Akaşalar ile ilgili ilginç bir olaya örnek de,1940 lı yıllardaki
II.Dünya savaşında ünlü yolcu gemisi Queen Mary e gönderilen
GBTT yani, “Gaf Bravo Tango Tango” şeklindeki mesajın
yaklaşık kırk yıl sonra 1978 in şubat ayında Quenn
Elizabeth II tarafından da tekrar alınması olayıdır.Bunu
hemen Judy Foster ın başrollerinde oynadığı ünlü Contact
filminden de(ki bu Ünlü Astronom Carl Sagan’ın aynı adlı
eserinden uyarlanmıştır) anımsayacağımız gibi dünya dışı
yaşama ait bir mesaj olduğu şeklinde yorumlandı.Ama bu gerçekte
ne dünya dışı bir uygarlıktan geliyordu ne de tanımlanamayan
uçan cisimler olan ufo’larla bir ilgisi vardı.Bu, tamamen
Akaşalarla ilgili idi.Yani 1938 yılında Queen Mary e gönderilmek
üzere yayımlanan anlam yüklü Elektromanyetik
dalgalar(mesajlar) yukarıda ifade ettiğimiz nedenlerden dolayı
atmosferde kaybolmayarak kırk yıl sonra yine kendisi gibi bir
İngiliz transatlantik tarafından deşifre edilmiştir.(Discovery
Channel-Allien İnvasion Week)
Quantum
fiziğinin gelişmesiyle, alışılmış dünyamızın değer
yargılarını yıkan fiziğin öncü teorilerinden olan
holografik modeli, beynin çalışma prensibi olarak gören
Stanford Üniversitesi Profesörlerinden Karl
Pribram,uzay-zamandan bağımsız,holografik olarak kaydedilmiş
girişim desenleri gibi, frekansal alanlardan meydana gelen
makrogerçekliğin,aslında(bir tür mercek görevi gören)
beyinlerimiz tarafından saklı düzendeki yine bu frekansları
biçimlendirip nesnel görünümler dünyasına dönüştürmesiyle
oluşturulduğunu belirterek şunları ifade etmektedir.“Beyin
çevresi hakkındaki bilgileri ,sınıflandırılmamış bir
kapalı-düzen biçiminde alır ve bu bilgileri de hologramik biçimde
kaydeder.

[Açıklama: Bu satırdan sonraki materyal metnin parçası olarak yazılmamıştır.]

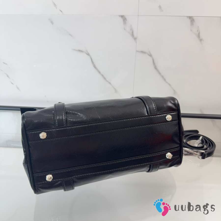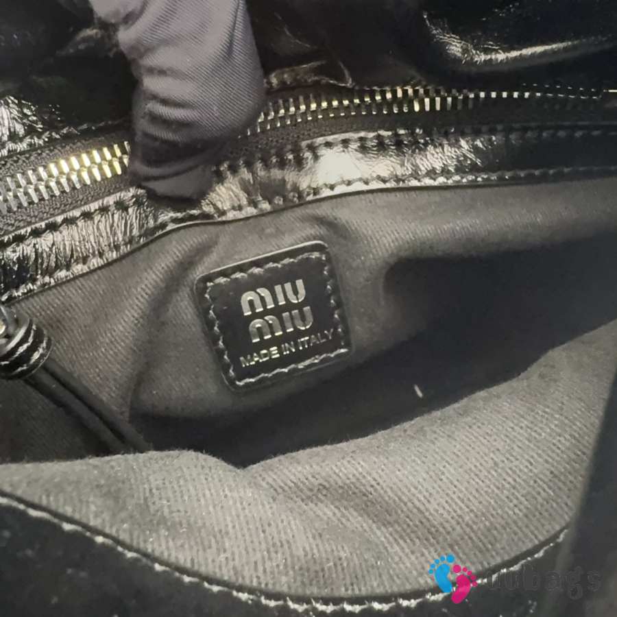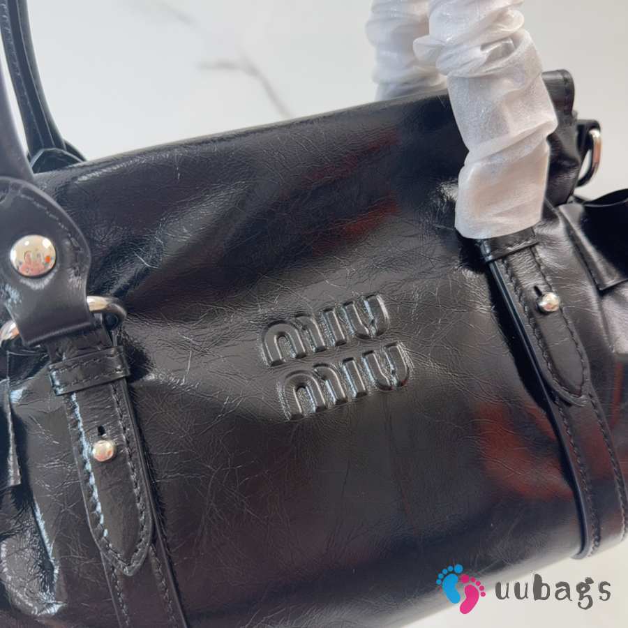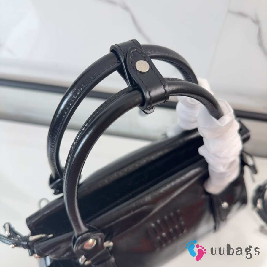 Uubags Miu Miu 5BA327 shiny leather top-handle bag in black 27x16x13cm

Daha sonra dıştan gelen frekanslara göre,bunları
üç boyutlu uzay-zaman biçiminde düzenleyip bilinen algı dünyasını
oluşturur.” Ve pribram devam ediyor: “Frekanslar alanında,uzay-zaman
aşılmıştır. Her şey olayların yoğunluğuyla ilişkilidir.Görüntüler
ve nesneler alanında dönüşüme uğrayan uzay-zamanın sınırları
da yok olmuştur. Böylece birçok bilimsel görüşün temel
aldığı nedensellik de,uzay-zaman koordinatlarının yoğunluğu
nedeniyle ortadan kalkmıştır.Olayların yoğunluğu derken,yoğunluğun
da uzayın bir özelliği olduğu sorusu akla gelebilir.Ama eğer
uzay yoksa,onun özellikleri de olmaz.” (Ayr.bil.için.bkz.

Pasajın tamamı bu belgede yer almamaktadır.